福島第一原発3号機の内部調査に成功したLiberawareのマイクロドローン
株式会社Liberawareが開発したマイクロドローンが、東京電力ホールディングスと共同で福島第一原子力発電所の3号機で行われた原子炉格納容器(PCV)内部調査に投入され、計画通りの成果を収めました。調査は2026年3月5日から3月19日まで実施され、ドローンが取得した映像は廃炉作業の重要な資料となることでしょう。
調査の背景
福島第一原発の廃炉プロジェクトでは、燃料デブリの取り出しに向けた内部状況の把握が欠かせません。原子炉格納容器内部は狭く、暗いため、特別な技術が求められています。そこで、Liberawareの130mm×120mm、95gという小型のマイクロドローンが採用され、従来の調査機器ではアクセスが難しい場所にも入ることが可能となりました。
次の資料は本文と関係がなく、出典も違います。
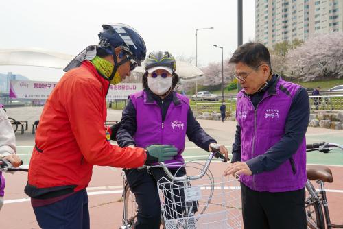 [½Åµ¿¾Æ¹æ¼Û µ¿´ë¹®±¸=À̽ŵ¿±âÀÚ] Áö³­ÇØ °¡À» Áß¶ûõ µÐÄ¡ üÀ°°ø¿ø¿¡´Â ¾ÈÀü¸ð¸¦ ¾²°í º¸¶ó»ö Á¶³¢¸¦ ÀÔÀº ÁֹεéÀÌ ÀÚÀü°Å Æä´ÞÀ» ÈûÂ÷°Ô ¹âÀ¸¸ç ¾ÕÀ¸·Î ³ª¾Æ°¬´Ù. ÀÌ´Â µ¿´ë¹®±¸°¡ ÀÚÀü°Å ÀÌ¿ë Ȱ¼ºÈ­¿Í ¾ÈÀüÇÑ ÀÚÀü°Å Ÿ±â ¹®È­ Á¶¼ºÀ» À§ÇØ ¸¶·ÃÇÑ ÀÚÀü°Å ±³½Ç dz¡¦

ドローンには、数百メートル離れた操縦が可能な機能や、無線通信、多様な撮影機能が搭載されています。調査中には、原子炉圧力容器(RPV)の底部付近の構造物を初めて直接撮影し、重要なデータを取得しました。
調査成果
本調査では、ペデスタル内外の重要な区域を網羅的に飛行し、特に次の場所が確認されました:
- - ペデスタル外周部
- - ペデスタル内部
- - RPV底部
調査中、具体的な映像を収めることができ、上部構造物の損傷の状況や付着物の確認にも成功しました。これにより、今後の廃炉計画の策定に向けた貴重なデータが得られ、廃炉プロジェクト全体において大きな進展が期待されます。
今後の展望
Liberawareは「誰もが安全な社会を作る」という使命を持ち、危険な現場の点検を可能にする技術を進化させ続けています。本調査の成果は、同社の技術的到達を示すとともに、廃炉作業を加速させる重要な一歩となりました。今後は、今回の映像データの解析を進め、東京電力の作業に役立てていく予定です。
Liberawareについて
エネルギー業界での安全性向上を目指す株式会社Liberawareは、屋内空間での点検・計測に特化したドローン技術を開発しています。その活動は、見えないリスクを可視化し、社会全体の安全を向上させるためのものです。
会社名:株式会社Liberaware(リベラウェア)
所在地:千葉県千葉市中央区
設立日:2016年8月22日
事業内容:ドローン事業、デジタルツイン事業、ソリューション開発事業
このように、Liberawareの技術は、廃炉作業だけでなく、様々な分野での応用が期待されています。